HMDS · « **Reply #2 on:** July 12, 2022, 03:53:00 AM »

Quote from: hollytara on July 12, 2022, 12:05:24 AM

...

Thanks for the info and linked article! I was planning to play around more with the monomer and initiator concentrations/ratios. But a chain transfer agent does sound interesting for further controlling indeed.

When you say that

Quote

We usually assume that chain initiation, growth through propagation, and termination happen relatively quickly (under a second to a few seconds - not on a time scale of minutes) - so that under a given set of conditions, the MW of the chains is the same whether you quench after 1 minute or 10 minutes.
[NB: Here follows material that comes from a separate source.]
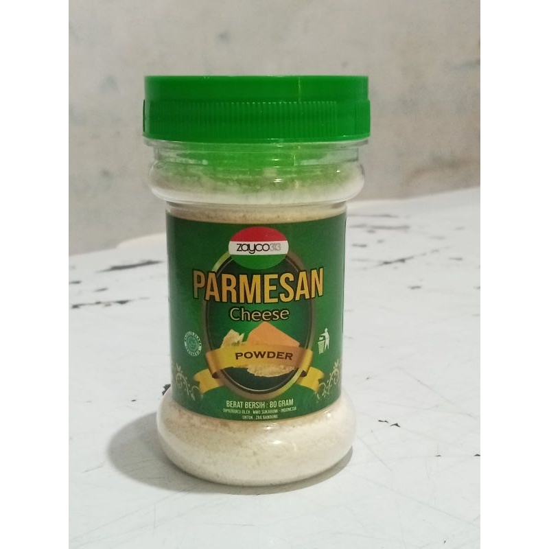 Parmesan Cheese, Memiliki aroma yang strong, cocok sebagai topping pasta, omelette ataupun topping snack seperti pisang goreng. Komposisi : Grated Parmesan Cheese.
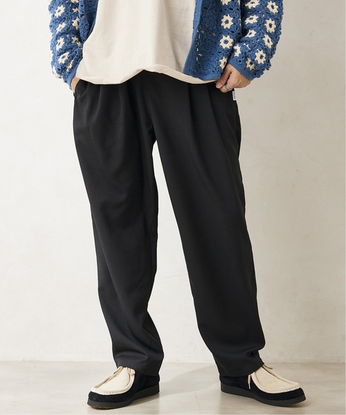 爆発的ヒットを続けているCALIFORNIA シェフパンツシリーズよりスラックス感覚で履けるツータックパンツ型が登場! 他のシェフパンツとは圧倒的に違う生地感とシルエットが特徴です。 生地感はかなり柔らかく、足を動かすたびに揺れるドレープ感がトレンド感のある作りになっています。 さらに、今回はブラック、ブラウン、ネイビー、ブルーの4色の暗めカラーでまとめて使いやすさ満点のカラー展開となっています。 さらにシルエットは太もも辺りにゆとりを持たせ、裾に向かっていくにつれて若干のテーパードをさせており、カラー・素材感も相まってきれいなシルエットに仕上がりました。 別名「コックパンツ」とも呼ばれるいわゆる作業パンツがルーツですが、それを感じさせなCALIFORNIA シェフパンツを是非ご堪能くださいませ。 ********************** 裏地:なし 伸縮性:なし 光沢感:ややあり 生地の厚さ:普通 ********************** 【スタッフ着用コメント】 《スタッフH》 身長:170cm/体重:60kg/体型:中肉中背/普段サイズ:M/着用サイズ:L サイズ感:ゆったり履くならLでも。 素材感:しっかりとした生地ですが、キレイな見た目。 着心地:足通り良く、軽い履き心地。 ********************** ※店頭・外での撮影画像は、光の当たり具合で色味が違って見える場合があります。 商品の色味は、スタジオ撮影の画像をご参照ください。 モデルサイズ:H177cm W64kg 着用サイズ:L 本体:洗濯機洗い(弱)、色あせ、ピリング

Does that mean that what I'm noticing after x minutes is several polymers gelating into a precipitated mass rather than individual chains growing and precipitating out because of solvophobic effects?

wildfyr · « **Reply #3 on:** July 12, 2022, 09:01:49 PM »

Dangit holly, you beat me to it with chain transfer agents.

hollytara · « **Reply #4 on:** July 25, 2022, 01:09:00 PM »

Been away for a while - yes, the polymer is likely less soluble than the monomers and may precipitate once it reaches the solubility limit. Polymer solubility is always driven entirely by enthalpy (entropy of mixing is effectively 0), while small molecules also have entropy to drive dissolution. So you are probably seeing polymer ppt once it reaches the limit.